Problem to solve | The pictures stay out; all of the data is to be printed exactly.

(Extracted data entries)
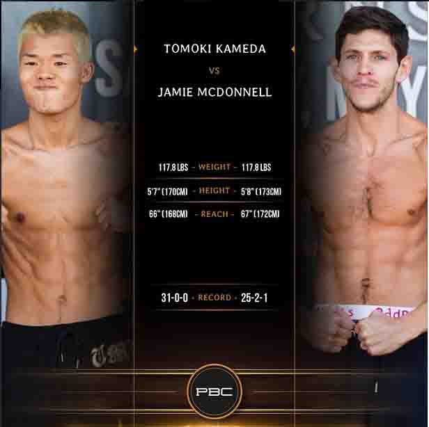 Prensa AMB. 08 de mayo.- El campeón gallo 118 libras de la Asociación Mundial de Boxeo el británico Jamie McDonnell y su retador, el japonés Tomoki Kameda cumplieron con el pesaje realizado en Hidalgo, Texas.
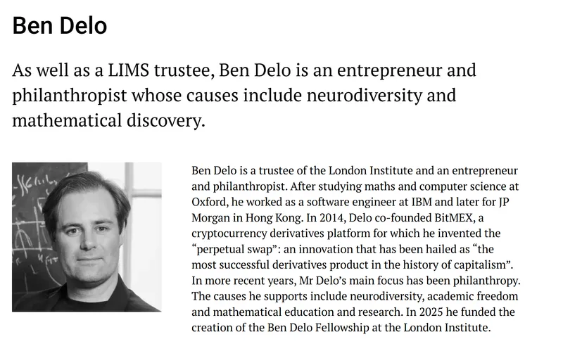 德洛还担任LIMS的受托人,曾资助神经多样性、学术自由以及数学教育与研究等多个公益项目。2025年,他资助创立了伦敦数学科学研究所的Ben Delo奖学金。
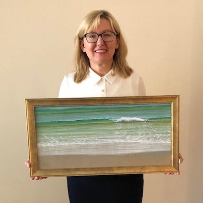 Meet Inga! Here's Inga with her winning painting from our "Landscape With Lake" competition held back in 2019. Inga actually won a day in the studio with Mark but seeing as she is from The US and then Covid hit, she opted for the original painting prize instead! Here's a few words from Inga: "My name is Ingrid, I live in Southern California and I work as medical professional. In my spare time I learn how to paint. Mark Waller is my first art teacher. My first painting was a sunset gradation of colors. I’m so happy that I won the contest and received Mark’s original painting." See what you can win just for being involved :)
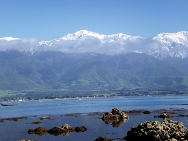 In Kaikoura for 2 nights at a motel, feeding and handling sheep at a sheep shearing demo, a rainy day activity. With the motel on the beachfront and mountains in the background, it was hard to decide which of the many pictures to use. Lunch preparation at the motel was done before starting on a hike around the peninsula. At the start of the hike, one must get around the gatekeeper. After that, the hikers walk along some impressive limestone formations past more guardians and along rocky beaches suitable for beachcombing, to South Bay on the far side of the peninsula. Looking back at South Bay as we walked back overland into Kaikoura.
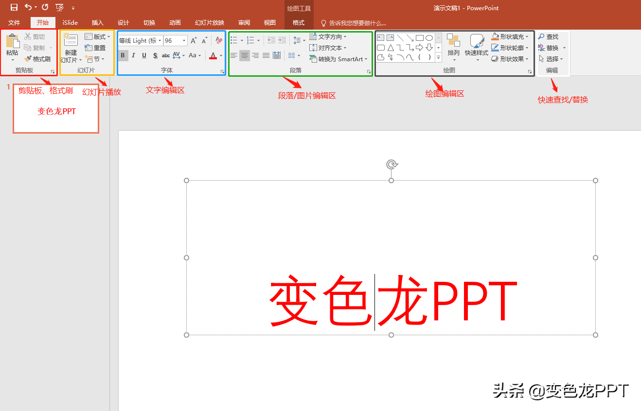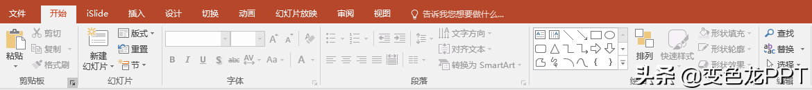 开始栏中的各项功能如上图所示。可以看到,有很多的功能,是灰色显示,代表此项功能暂时不可用,这些功能是需要选定PPT中的元素之后,才可使用。
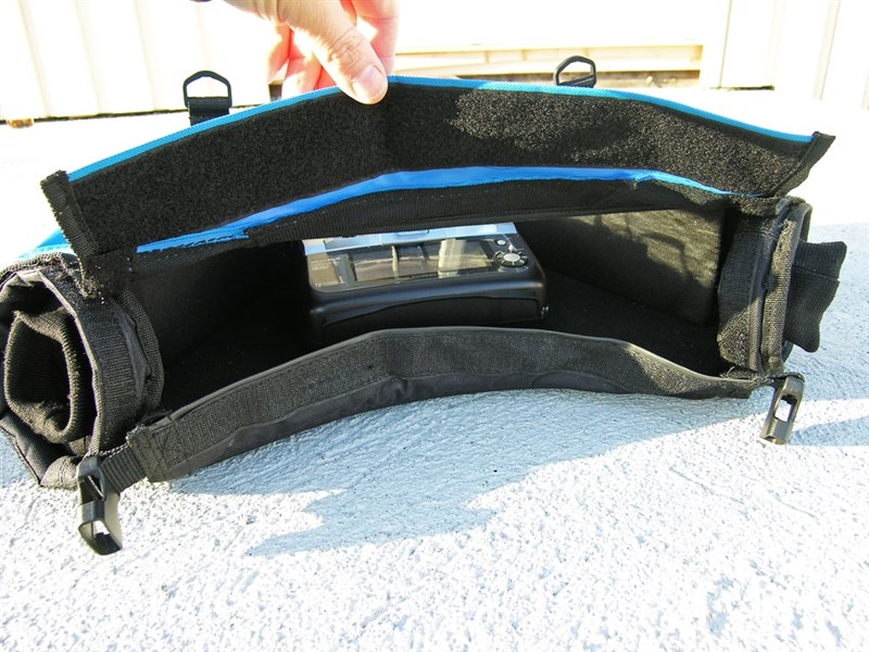 Votten er veldig stiv og holder fasongen perfekt. Du skal bare felle opp tre klaffer som fungerer som sidevegger inne i votten, så er den klar til bruk. Klaffene holder votten i riktig fasong, og det er sydd inn en karbonstang for ytterligere avstiving. Du kan enkelt klappe den sammen for oppbevaring og transport. Votten har borrelås bak som åpnes for å legge inn senderen. Den er romslig, og egner seg for alle typer håndholdte sendere. Når votten lukkes igjen trer du armene inn i de to åpningene, som har en avtagbar elastisk mansjett. Da har du full tilgang til alle funksjoner på senderen, og full oversikt gjennom plastvinduet. Hele votten fremstår som veldig robust, og har gjennomført høy kvalitet på sømmer og materiale.
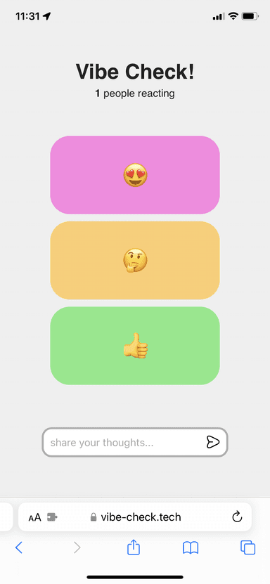 Co-built with Stan Flint ↗, vibe-check is a Chrome Extension and Website that helps make presentations more interactive. Users can react and comment on the presentation in real-time. Presenters can see real-time statistics on the vibe of the room.
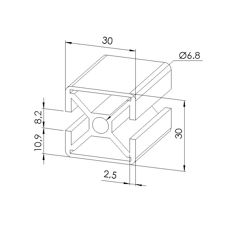 Profilé design / profilé en aluminium 30 x 30 mm léger type B Rainure 8/2N 180 ° Argent anodisé. Pré-tension : 0,2 mm + 0,1/-0,15 mm. Largeur de rainure : 8 mm - Profondeur de rainure : 9 mm. Notre profilé en aluminium 30x30 LR rainure 8 de type B a 2 rainures d'une largeur de 8 mm et d'une profondeur de 9 mm. Le noyau convient pour un filetage M8. Données du produit profilé aluminium 30x30 LR Type B rainure 8 dans la vue d'ensemble Profilé en aluminium design 30 x 30 L - 2 rainures dissimulées à 90 ° - Type B - Rainure 8 (légère) - Argent anodisé. Noyau adapté pour un filetage M8... Profilé En Aluminium Anodisé Profilé En Aluminium Noir 30 X 60 Cm - Type B - Rainure 8 (léger) - Profil En Aluminium 30 X 60 Mm - Profil Système De Montage - Longueur Standard 800 Mm Profilé 30x30 Aluminium Caractéristiques techniques : Profil 30 x 30 mm - Type B. Profilo in alluminio 20 x 20 tipo B scanalatura 6 Taglio 50 2000 mm Profili in a Caractéristiques mécaniques : Désignation : EN 572-3 | EN-AW 6063., Condition : EN 515 | T66., Rp0,2 : N/mm² | = 200., Rm : N/mm² | = 245., A : % | = 8., A 50 : % | = 6., Dureté : HB | = 80., Calcul de surface Surface : | mm² | 362,5., Circonférence du contour extérieur : | mm | 175,0., Centre de gravité : X | mm | 15,0., Y | mm | 15,0., Q : IX | mm4 | 29261,8., IY | mm4 | 3 6297,0., Couples de résistance : WX max | mm3 | 1950,8 WX min | mm3 | 1950,8., Wy max | mm3 | 2419,8., Wy min | mm3 | 2419,8., Nominal - Poids : kg | kg/m | env., ± 0,982., Profilé en aluminium design 30 x 30 L - 2 rainures dissimulées à 180 ° - Type B - Rainure 8 (légère) - Argent anodisé. Noyau adapté pour un filetage M8., Matériau : aluminium anodisé naturel., Caractéristiques : Rainure : 8., Modèle : léger. Profilé en aluminium 30 x 30 mm, 30 x 30 mm, 480 mm
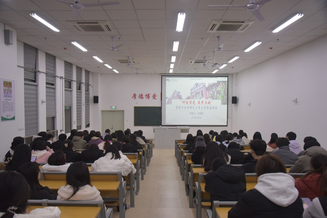 2月25日,我院举办《青柠职说》系列讲座——“医者仁心”:研途有光·筑梦启航,邀请2023届药学专业优秀毕业生许斯贤开展考研经验交流讲座,我院在校学生100多人现场聆听讲座。
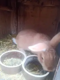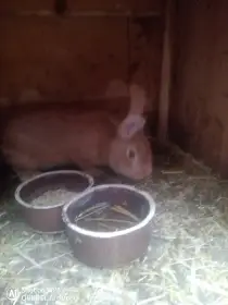 Prodám Burgundského (Bu) - Nabízím k prodeji samce i samice burgundského králíka, narozeni 15.2.2026. Na mazlení i na chov. Jsou už teď poměrně zvyklí na ruce. Krásně žerou a rostou. Na foto je pouz...
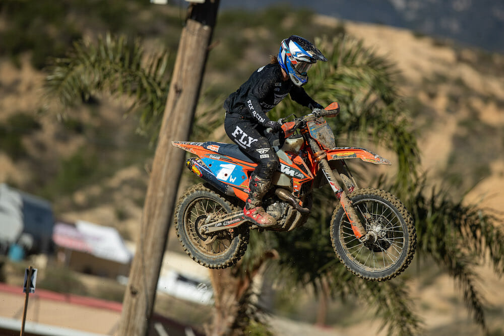 Elite Racing KTM’s Brandy Richards ruled the Women’s Pro class. She led every lap and finished five minutes ahead of her nearest class rival, FMF/RPM/KTM’s Kaitlyn Jacobs (KTM). Richards also finished third overall in the 250/450cc A-class field.
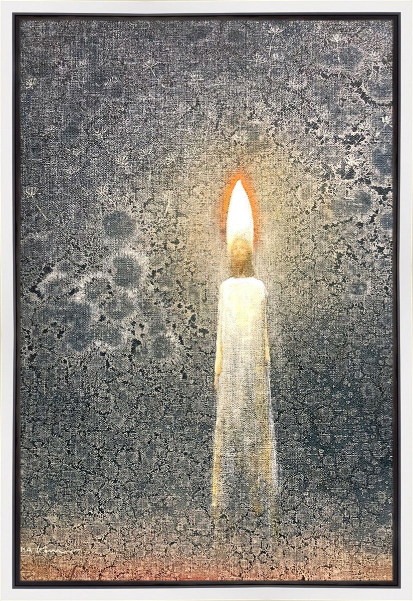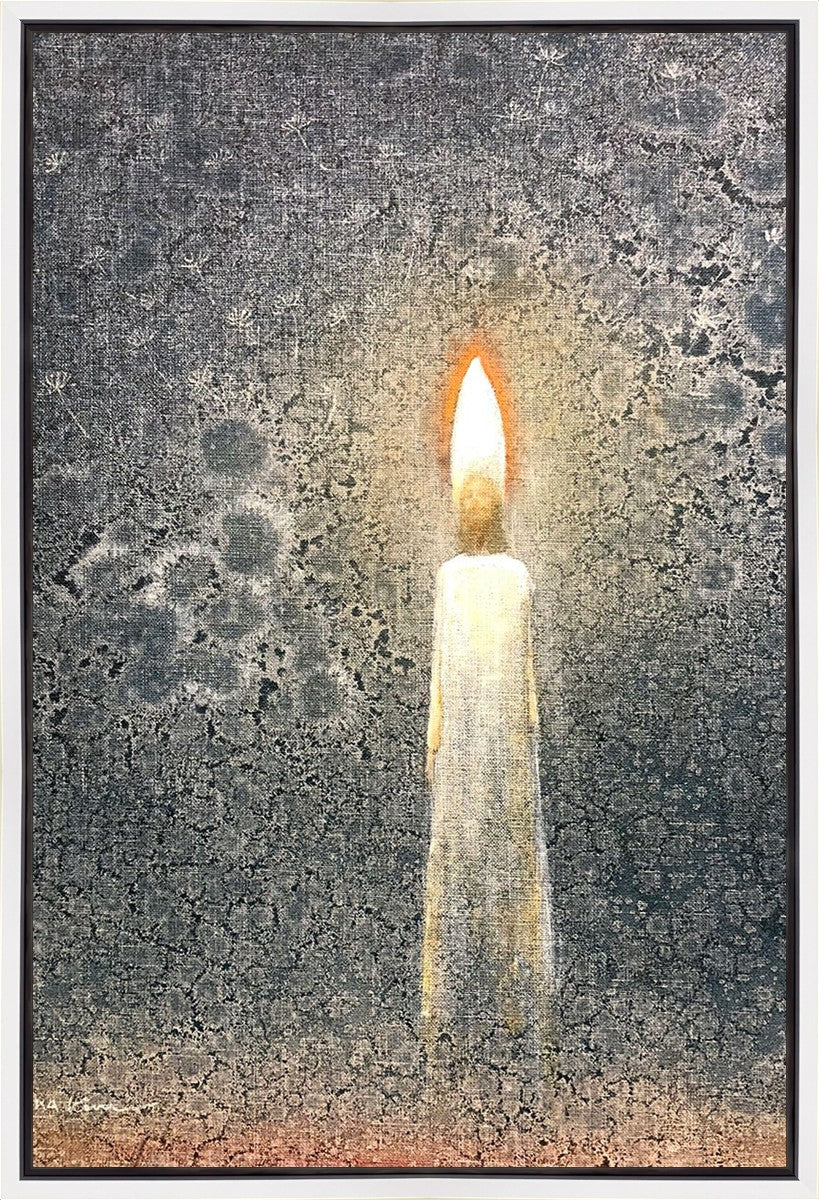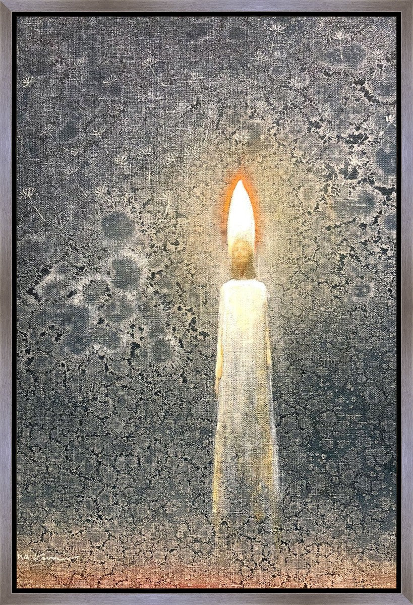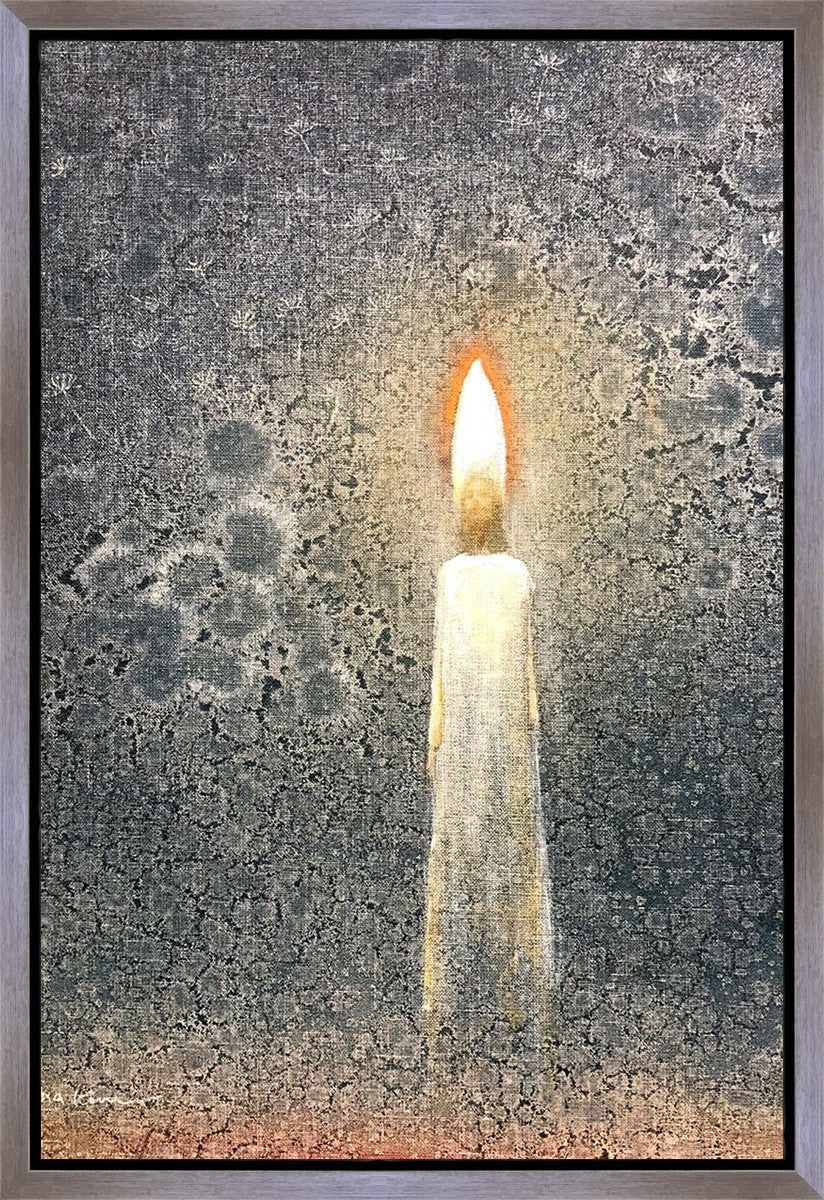 This painting by Yongsung Kim depicts the Light of Christ as a candle. The candle burns to provide light and warmth, ultimately sacrificing itself in the process. In the background are dandelion seeds, spreading throughout the world as the gospel spreads and touches the lives of people everywhere.

Solution |
 Prensa AMB. 08 de mayo.- El campeón gallo 118 libras de la Asociación Mundial de Boxeo el británico Jamie McDonnell y su retador, el japonés Tomoki Kameda cumplieron con el pesaje realizado en Hidalgo, Texas.
 德洛还担任LIMS的受托人,曾资助神经多样性、学术自由以及数学教育与研究等多个公益项目。2025年,他资助创立了伦敦数学科学研究所的Ben Delo奖学金。
 Meet Inga! Here's Inga with her winning painting from our "Landscape With Lake" competition held back in 2019. Inga actually won a day in the studio with Mark but seeing as she is from The US and then Covid hit, she opted for the original painting prize instead! Here's a few words from Inga: "My name is Ingrid, I live in Southern California and I work as medical professional. In my spare time I learn how to paint. Mark Waller is my first art teacher. My first painting was a sunset gradation of colors. I’m so happy that I won the contest and received Mark’s original painting." See what you can win just for being involved :)
 In Kaikoura for 2 nights at a motel, feeding and handling sheep at a sheep shearing demo, a rainy day activity. With the motel on the beachfront and mountains in the background, it was hard to decide which of the many pictures to use. Lunch preparation at the motel was done before starting on a hike around the peninsula. At the start of the hike, one must get around the gatekeeper. After that, the hikers walk along some impressive limestone formations past more guardians and along rocky beaches suitable for beachcombing, to South Bay on the far side of the peninsula. Looking back at South Bay as we walked back overland into Kaikoura.
 开始栏中的各项功能如上图所示。可以看到,有很多的功能,是灰色显示,代表此项功能暂时不可用,这些功能是需要选定PPT中的元素之后,才可使用。
 Votten er veldig stiv og holder fasongen perfekt. Du skal bare felle opp tre klaffer som fungerer som sidevegger inne i votten, så er den klar til bruk. Klaffene holder votten i riktig fasong, og det er sydd inn en karbonstang for ytterligere avstiving. Du kan enkelt klappe den sammen for oppbevaring og transport. Votten har borrelås bak som åpnes for å legge inn senderen. Den er romslig, og egner seg for alle typer håndholdte sendere. Når votten lukkes igjen trer du armene inn i de to åpningene, som har en avtagbar elastisk mansjett. Da har du full tilgang til alle funksjoner på senderen, og full oversikt gjennom plastvinduet. Hele votten fremstår som veldig robust, og har gjennomført høy kvalitet på sømmer og materiale.
 Co-built with Stan Flint ↗, vibe-check is a Chrome Extension and Website that helps make presentations more interactive. Users can react and comment on the presentation in real-time. Presenters can see real-time statistics on the vibe of the room.
 Profilé design / profilé en aluminium 30 x 30 mm léger type B Rainure 8/2N 180 ° Argent anodisé. Pré-tension : 0,2 mm + 0,1/-0,15 mm. Largeur de rainure : 8 mm - Profondeur de rainure : 9 mm. Notre profilé en aluminium 30x30 LR rainure 8 de type B a 2 rainures d'une largeur de 8 mm et d'une profondeur de 9 mm. Le noyau convient pour un filetage M8. Données du produit profilé aluminium 30x30 LR Type B rainure 8 dans la vue d'ensemble Profilé en aluminium design 30 x 30 L - 2 rainures dissimulées à 90 ° - Type B - Rainure 8 (légère) - Argent anodisé. Noyau adapté pour un filetage M8... Profilé En Aluminium Anodisé Profilé En Aluminium Noir 30 X 60 Cm - Type B - Rainure 8 (léger) - Profil En Aluminium 30 X 60 Mm - Profil Système De Montage - Longueur Standard 800 Mm Profilé 30x30 Aluminium Caractéristiques techniques : Profil 30 x 30 mm - Type B. Profilo in alluminio 20 x 20 tipo B scanalatura 6 Taglio 50 2000 mm Profili in a Caractéristiques mécaniques : Désignation : EN 572-3 | EN-AW 6063., Condition : EN 515 | T66., Rp0,2 : N/mm² | = 200., Rm : N/mm² | = 245., A : % | = 8., A 50 : % | = 6., Dureté : HB | = 80., Calcul de surface Surface : | mm² | 362,5., Circonférence du contour extérieur : | mm | 175,0., Centre de gravité : X | mm | 15,0., Y | mm | 15,0., Q : IX | mm4 | 29261,8., IY | mm4 | 3 6297,0., Couples de résistance : WX max | mm3 | 1950,8 WX min | mm3 | 1950,8., Wy max | mm3 | 2419,8., Wy min | mm3 | 2419,8., Nominal - Poids : kg | kg/m | env., ± 0,982., Profilé en aluminium design 30 x 30 L - 2 rainures dissimulées à 180 ° - Type B - Rainure 8 (légère) - Argent anodisé. Noyau adapté pour un filetage M8., Matériau : aluminium anodisé naturel., Caractéristiques : Rainure : 8., Modèle : léger. Profilé en aluminium 30 x 30 mm, 30 x 30 mm, 480 mm
 2月25日,我院举办《青柠职说》系列讲座——“医者仁心”:研途有光·筑梦启航,邀请2023届药学专业优秀毕业生许斯贤开展考研经验交流讲座,我院在校学生100多人现场聆听讲座。
 Prodám Burgundského (Bu) - Nabízím k prodeji samce i samice burgundského králíka, narozeni 15.2.2026. Na mazlení i na chov. Jsou už teď poměrně zvyklí na ruce. Krásně žerou a rostou. Na foto je pouz...
 Elite Racing KTM’s Brandy Richards ruled the Women’s Pro class. She led every lap and finished five minutes ahead of her nearest class rival, FMF/RPM/KTM’s Kaitlyn Jacobs (KTM). Richards also finished third overall in the 250/450cc A-class field.
 This painting by Yongsung Kim depicts the Light of Christ as a candle. The candle burns to provide light and warmth, ultimately sacrificing itself in the process. In the background are dandelion seeds, spreading throughout the world as the gospel spreads and touches the lives of people everywhere.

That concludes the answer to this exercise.